§ **Problem to work on**
Each line in the material below, starting at the one with "25 พ.ย. 2568" and ending at the one with "Parce que la", is to be reproduced exactly; no picture is to be copied.

§ **Available data**

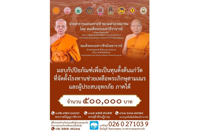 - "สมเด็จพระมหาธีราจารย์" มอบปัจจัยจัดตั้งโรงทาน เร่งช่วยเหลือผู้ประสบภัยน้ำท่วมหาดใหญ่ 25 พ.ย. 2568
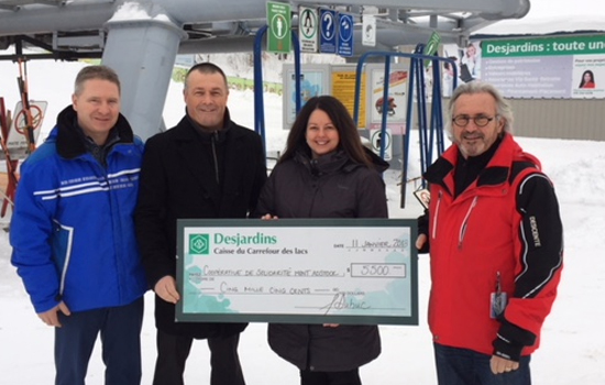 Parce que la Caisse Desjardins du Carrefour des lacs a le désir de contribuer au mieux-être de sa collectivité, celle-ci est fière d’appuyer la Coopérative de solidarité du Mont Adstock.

...

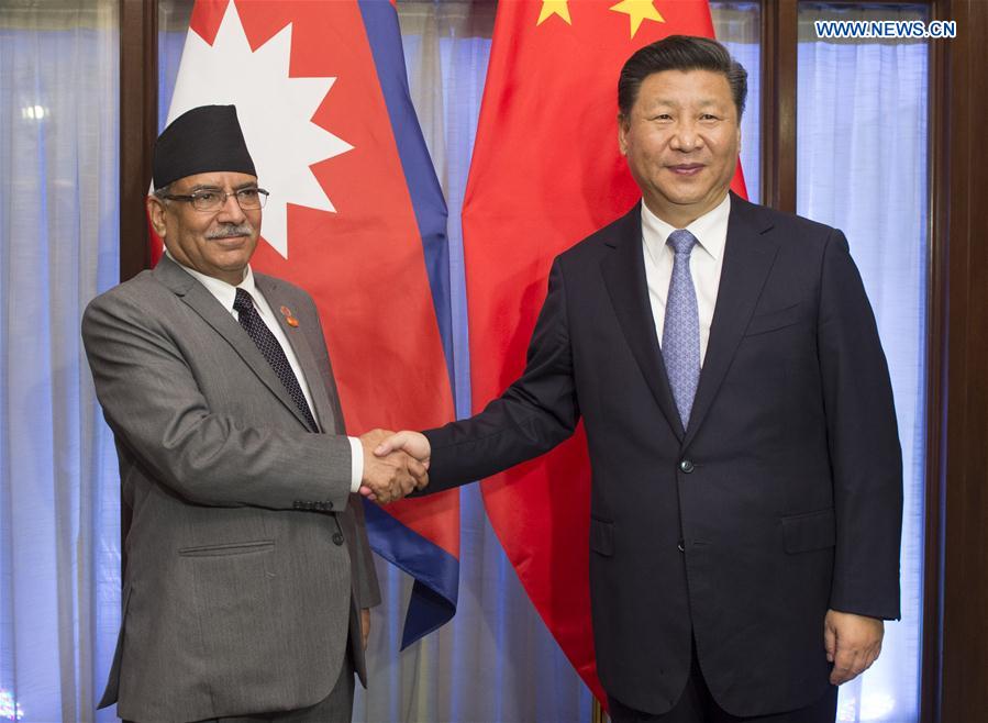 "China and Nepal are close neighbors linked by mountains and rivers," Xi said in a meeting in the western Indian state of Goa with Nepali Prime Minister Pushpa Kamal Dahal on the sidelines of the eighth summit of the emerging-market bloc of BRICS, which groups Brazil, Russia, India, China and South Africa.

§ **Response area**
 - "สมเด็จพระมหาธีราจารย์" มอบปัจจัยจัดตั้งโรงทาน เร่งช่วยเหลือผู้ประสบภัยน้ำท่วมหาดใหญ่ 25 พ.ย. 2568
 Parce que la Caisse Desjardins du Carrefour des lacs a le désir de contribuer au mieux-être de sa collectivité, celle-ci est fière d’appuyer la Coopérative de solidarité du Mont Adstock.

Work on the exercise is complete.